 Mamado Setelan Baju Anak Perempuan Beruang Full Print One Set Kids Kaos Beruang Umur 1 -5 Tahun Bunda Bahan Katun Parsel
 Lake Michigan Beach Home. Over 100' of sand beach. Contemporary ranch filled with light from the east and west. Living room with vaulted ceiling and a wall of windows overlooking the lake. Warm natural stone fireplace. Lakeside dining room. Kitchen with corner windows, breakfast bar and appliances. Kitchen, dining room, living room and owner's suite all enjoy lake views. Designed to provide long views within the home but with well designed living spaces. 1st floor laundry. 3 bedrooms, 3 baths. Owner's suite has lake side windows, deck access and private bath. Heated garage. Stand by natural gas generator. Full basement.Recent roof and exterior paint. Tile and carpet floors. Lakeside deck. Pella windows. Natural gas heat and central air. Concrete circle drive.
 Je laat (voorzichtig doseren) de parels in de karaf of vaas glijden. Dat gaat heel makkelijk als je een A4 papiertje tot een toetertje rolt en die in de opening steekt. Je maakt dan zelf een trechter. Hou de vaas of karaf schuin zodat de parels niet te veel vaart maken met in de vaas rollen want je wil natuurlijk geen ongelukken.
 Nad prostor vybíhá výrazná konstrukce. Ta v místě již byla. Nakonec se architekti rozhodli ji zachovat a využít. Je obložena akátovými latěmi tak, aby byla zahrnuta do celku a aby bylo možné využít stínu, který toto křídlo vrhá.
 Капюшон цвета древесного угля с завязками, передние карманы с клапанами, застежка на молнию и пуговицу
┄┄┄┄┄┄┄┄┄┄
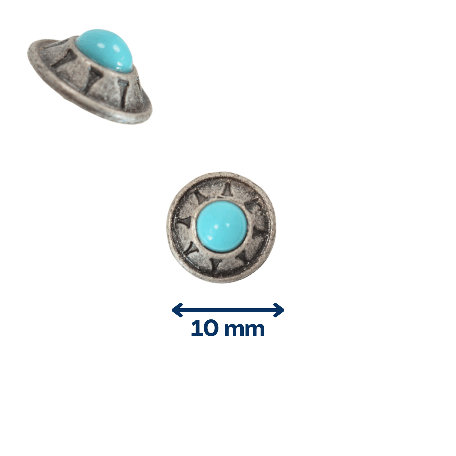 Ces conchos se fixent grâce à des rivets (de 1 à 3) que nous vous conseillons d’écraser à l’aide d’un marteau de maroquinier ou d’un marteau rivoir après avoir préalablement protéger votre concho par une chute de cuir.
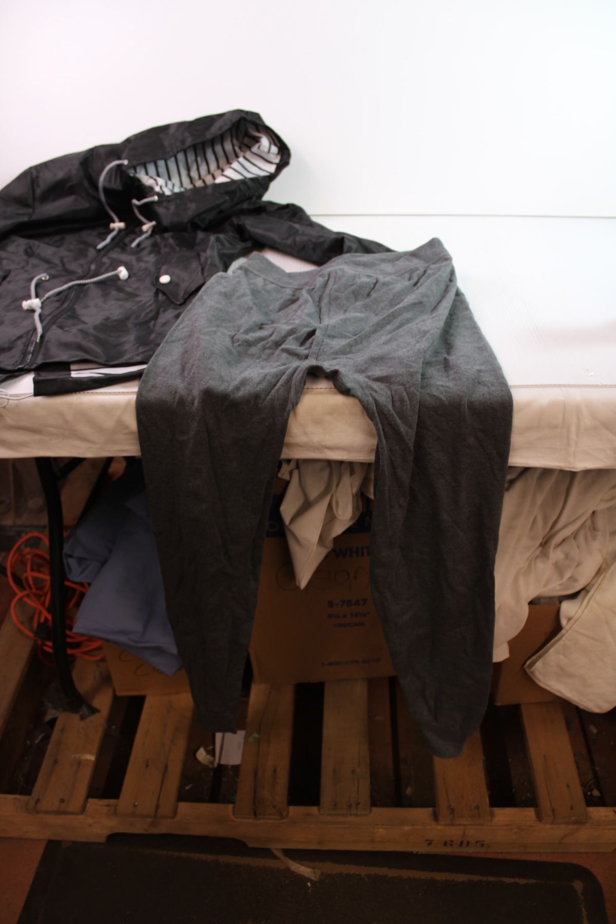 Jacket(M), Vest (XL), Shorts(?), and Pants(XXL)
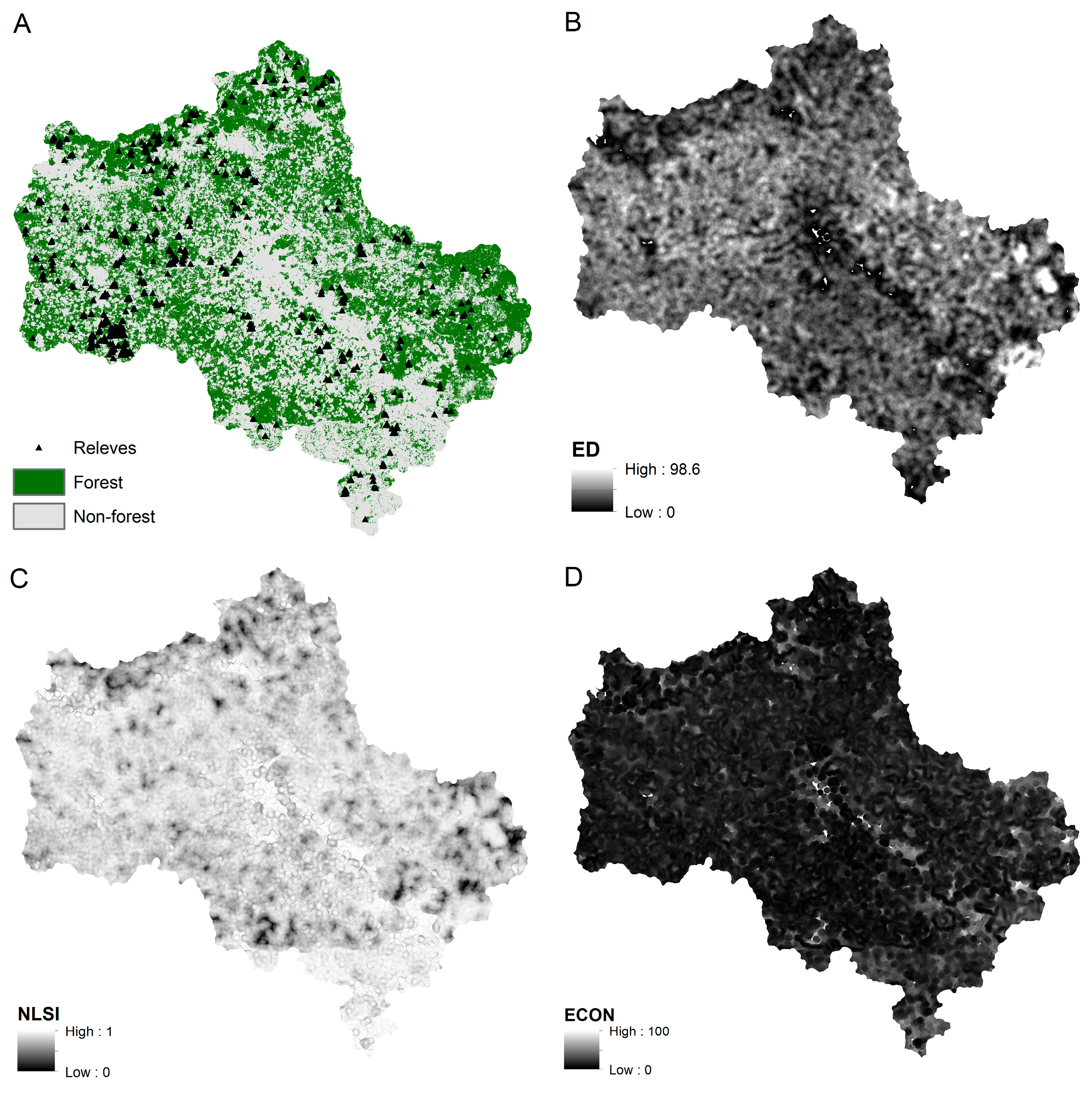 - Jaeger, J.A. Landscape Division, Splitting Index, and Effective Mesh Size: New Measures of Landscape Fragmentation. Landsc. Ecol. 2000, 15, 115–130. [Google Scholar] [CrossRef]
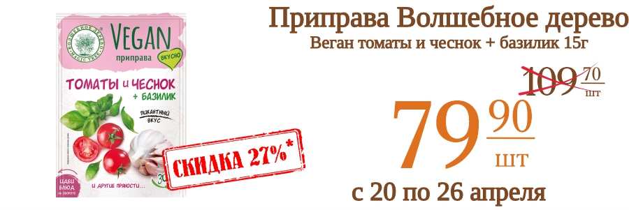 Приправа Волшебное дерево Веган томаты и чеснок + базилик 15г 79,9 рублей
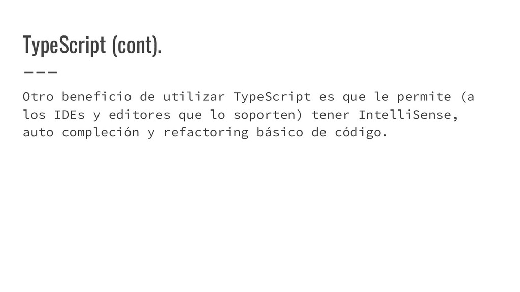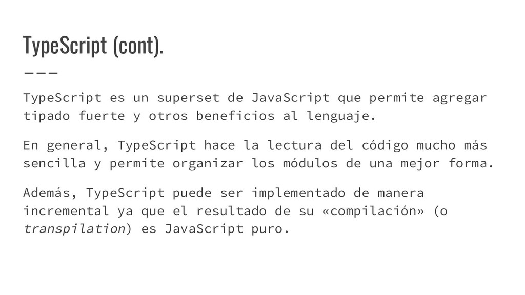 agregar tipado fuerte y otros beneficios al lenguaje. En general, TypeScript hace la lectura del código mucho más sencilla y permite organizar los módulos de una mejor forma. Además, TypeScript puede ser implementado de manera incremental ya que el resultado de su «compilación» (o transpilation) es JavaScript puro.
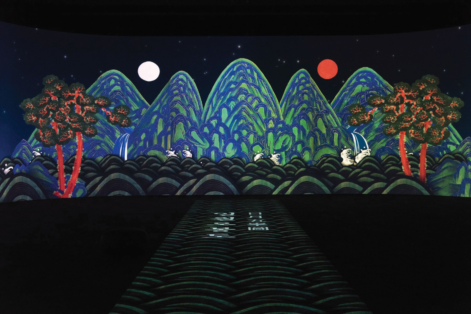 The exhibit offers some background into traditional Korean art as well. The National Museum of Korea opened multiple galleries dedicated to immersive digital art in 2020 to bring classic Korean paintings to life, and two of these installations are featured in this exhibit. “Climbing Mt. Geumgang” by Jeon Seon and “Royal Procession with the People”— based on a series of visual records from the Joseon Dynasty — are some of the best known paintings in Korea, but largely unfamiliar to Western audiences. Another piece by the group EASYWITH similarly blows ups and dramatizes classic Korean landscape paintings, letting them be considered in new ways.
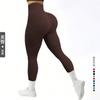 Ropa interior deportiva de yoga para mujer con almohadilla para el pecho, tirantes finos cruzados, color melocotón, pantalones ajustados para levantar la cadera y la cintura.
┄┄┄┄┄┄┄┄┄┄
### What is needed
Each line above that contains the string "Full" should be copied.

### Final answer
 Mamado Setelan Baju Anak Perempuan Beruang Full Print One Set Kids Kaos Beruang Umur 1 -5 Tahun Bunda Bahan Katun Parsel
 Lake Michigan Beach Home. Over 100' of sand beach. Contemporary ranch filled with light from the east and west. Living room with vaulted ceiling and a wall of windows overlooking the lake. Warm natural stone fireplace. Lakeside dining room. Kitchen with corner windows, breakfast bar and appliances. Kitchen, dining room, living room and owner's suite all enjoy lake views. Designed to provide long views within the home but with well designed living spaces. 1st floor laundry. 3 bedrooms, 3 baths. Owner's suite has lake side windows, deck access and private bath. Heated garage. Stand by natural gas generator. Full basement.Recent roof and exterior paint. Tile and carpet floors. Lakeside deck. Pella windows. Natural gas heat and central air. Concrete circle drive.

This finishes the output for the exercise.